Nothing but the lines from the one with "1、导优优导游资格证考试备考" through the end of the records may appear in the answer, each reproduced exactly, pictures omitted.

▬▬▬▬▬▬▬▬▬▬

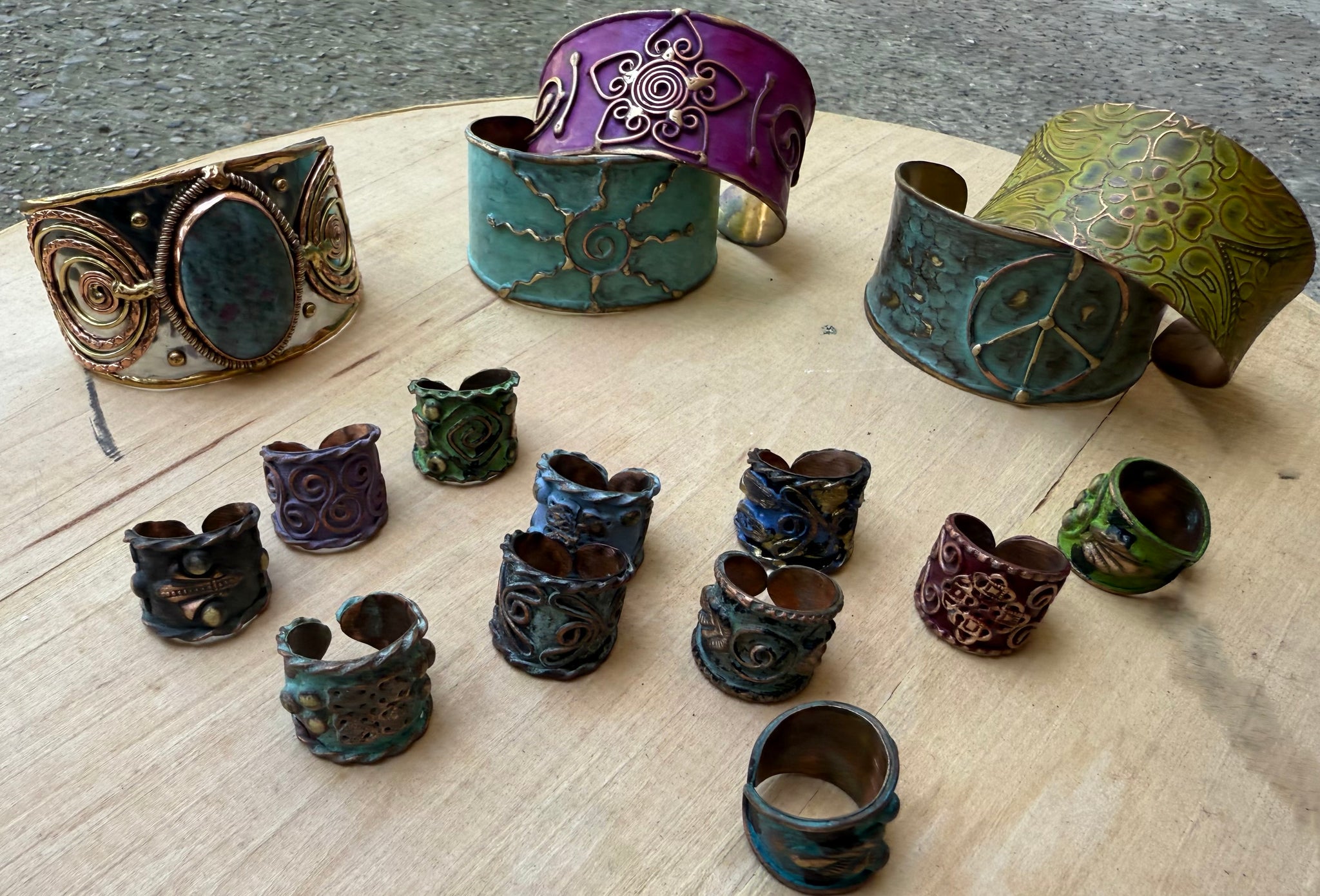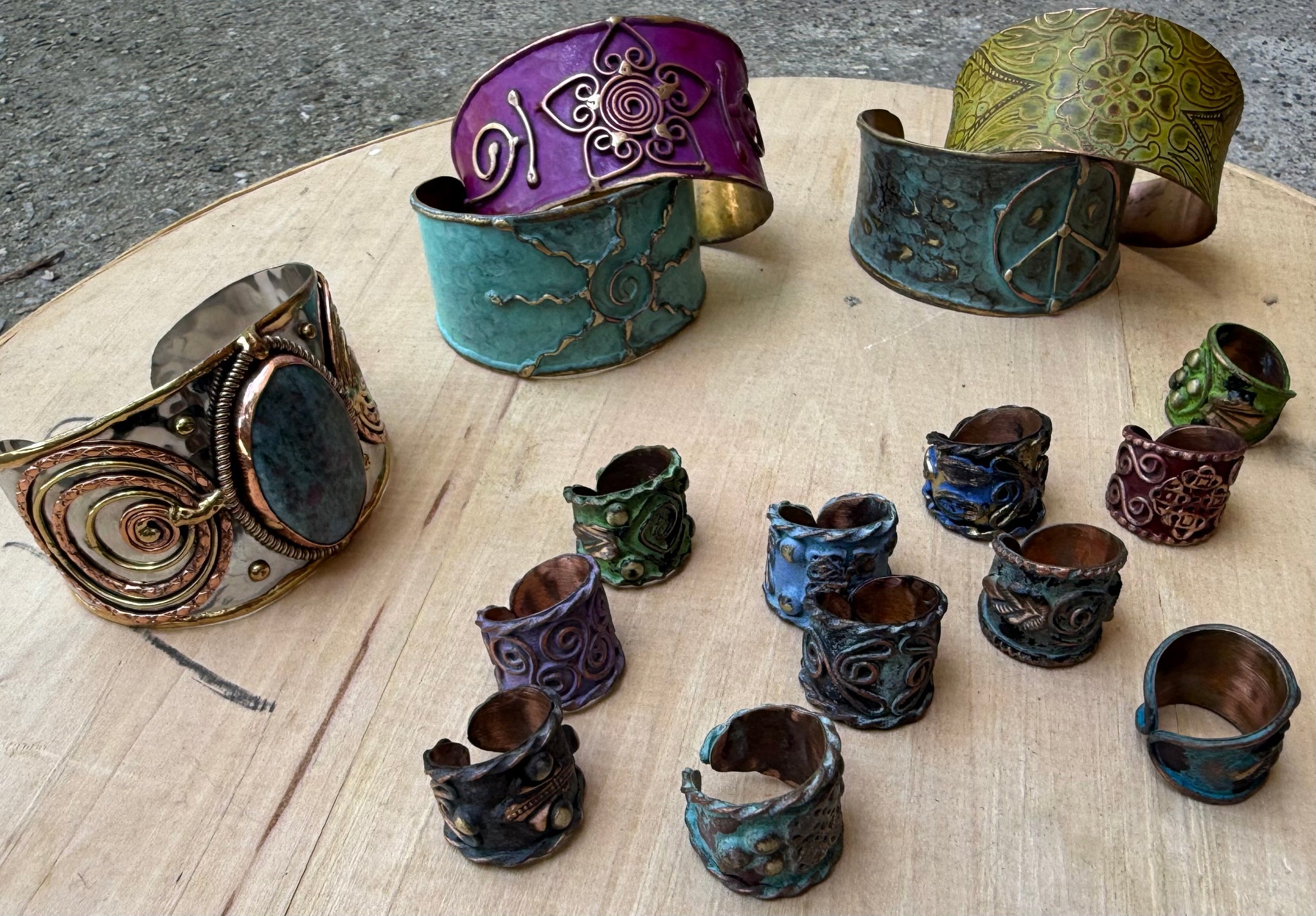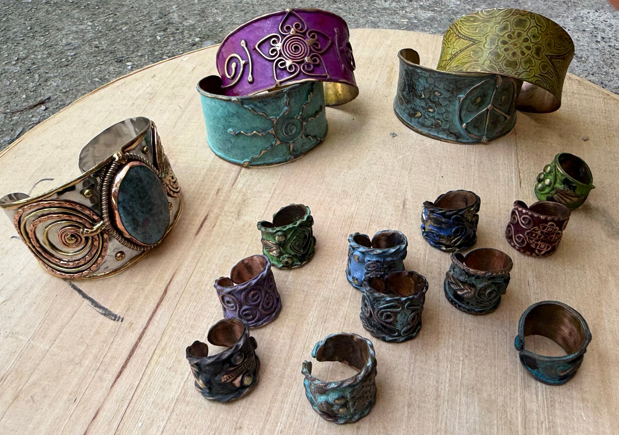 Beautiful adjustable copper rings go perfectly with any of our silky kimonos, but especially the moon style.
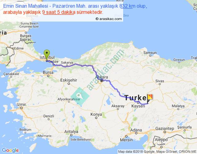 Emin Sinan Mahallesi - Pazarören Mah. arası yaklaşık olarak 90 km/h ile yukarıda belirtilen sürede olup, iki yerin kuş uçuşu uzaklığı (mesafesi) 662'dir. Eğer belirtilen yerler arasında uçak seferi var ise bu süre uçakla 1 saat 01 dakika'ya kadar düşebilir. Yolculuk otobüsle 11 saat 48 dakika sürmektedir.
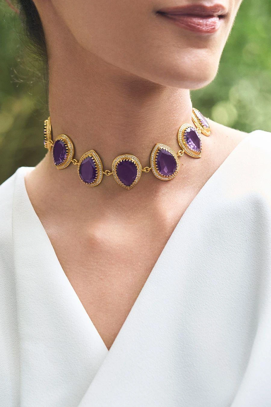 Indulge in luxury with this stunning choker adorned with delicately carved Lavender Dust stones and sparkling Morning Star stones. Made with recycled brass, it’s an ethical and sustainable choice for the fashion-conscious.
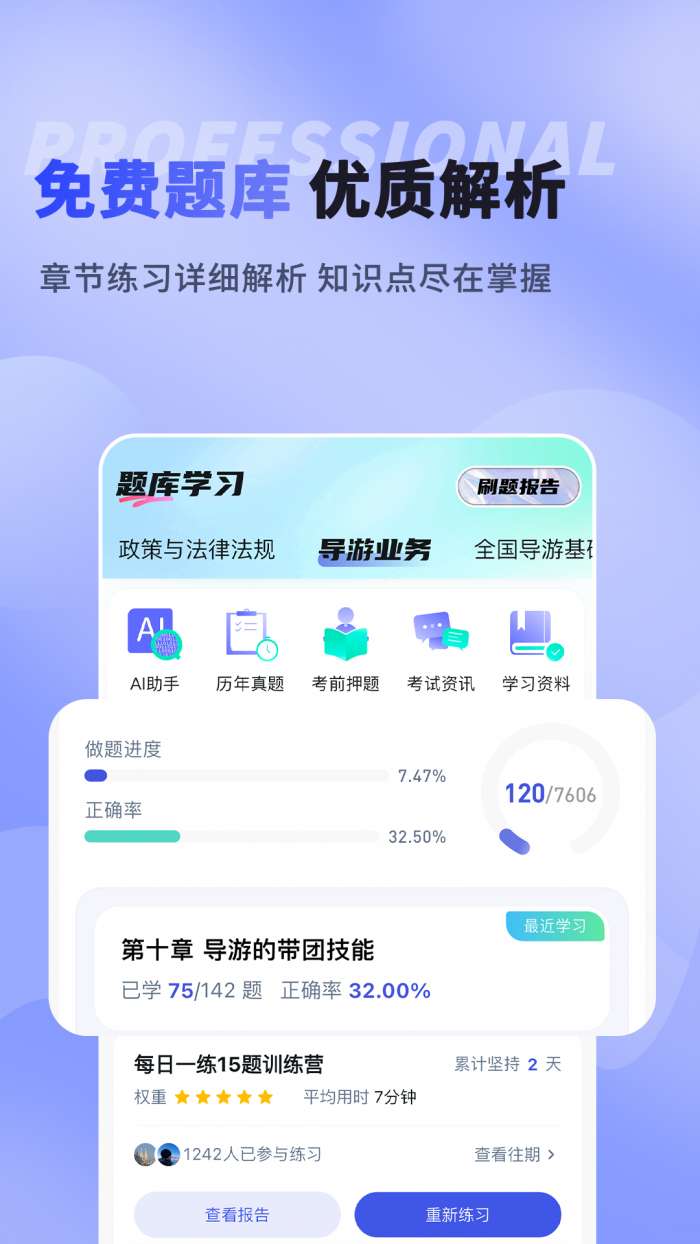 1、导优优导游资格证考试备考神器,精准题库、面试练习、导游词、优质课程,助你高效学习,轻松考取导游证。
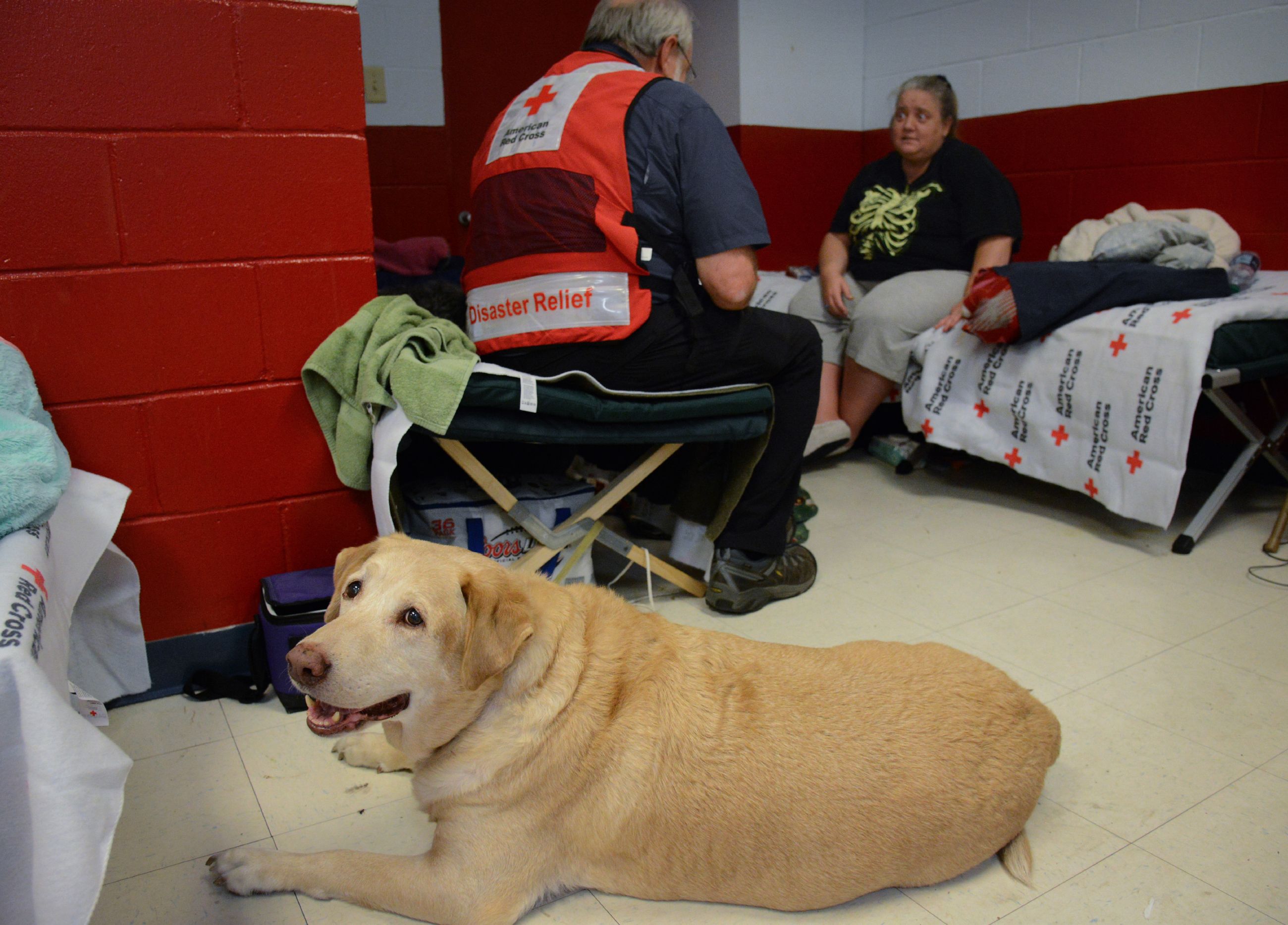 October 13, 2018, Red Cross Shelter, Bozeman High School, Panama City, Florida. Shelter resident Rochelle Browe shares her experience of living in a shelter along with her three service dogs and hundreds of other shelter residents with American Red Cross volunteer Bob Wallace. Rochelle, along with Wicked (not shown), Snow (white), and Lucky (blond), found refuge in the shelter from Hurricane Michael. I was scared, even in this shelter with its concrete block walls. You could hear the trees coming down all around. Rochelle went on to describe how during the hurricane Red Cross workers were calmly walking around, talking to the shelter residents. We are with you, was the message she said they conveyed.

▬▬▬▬▬▬▬▬▬▬

* _Finished exercise_
 1、导优优导游资格证考试备考神器,精准题库、面试练习、导游词、优质课程,助你高效学习,轻松考取导游证。
 October 13, 2018, Red Cross Shelter, Bozeman High School, Panama City, Florida. Shelter resident Rochelle Browe shares her experience of living in a shelter along with her three service dogs and hundreds of other shelter residents with American Red Cross volunteer Bob Wallace. Rochelle, along with Wicked (not shown), Snow (white), and Lucky (blond), found refuge in the shelter from Hurricane Michael. I was scared, even in this shelter with its concrete block walls. You could hear the trees coming down all around. Rochelle went on to describe how during the hurricane Red Cross workers were calmly walking around, talking to the shelter residents. We are with you, was the message she said they conveyed.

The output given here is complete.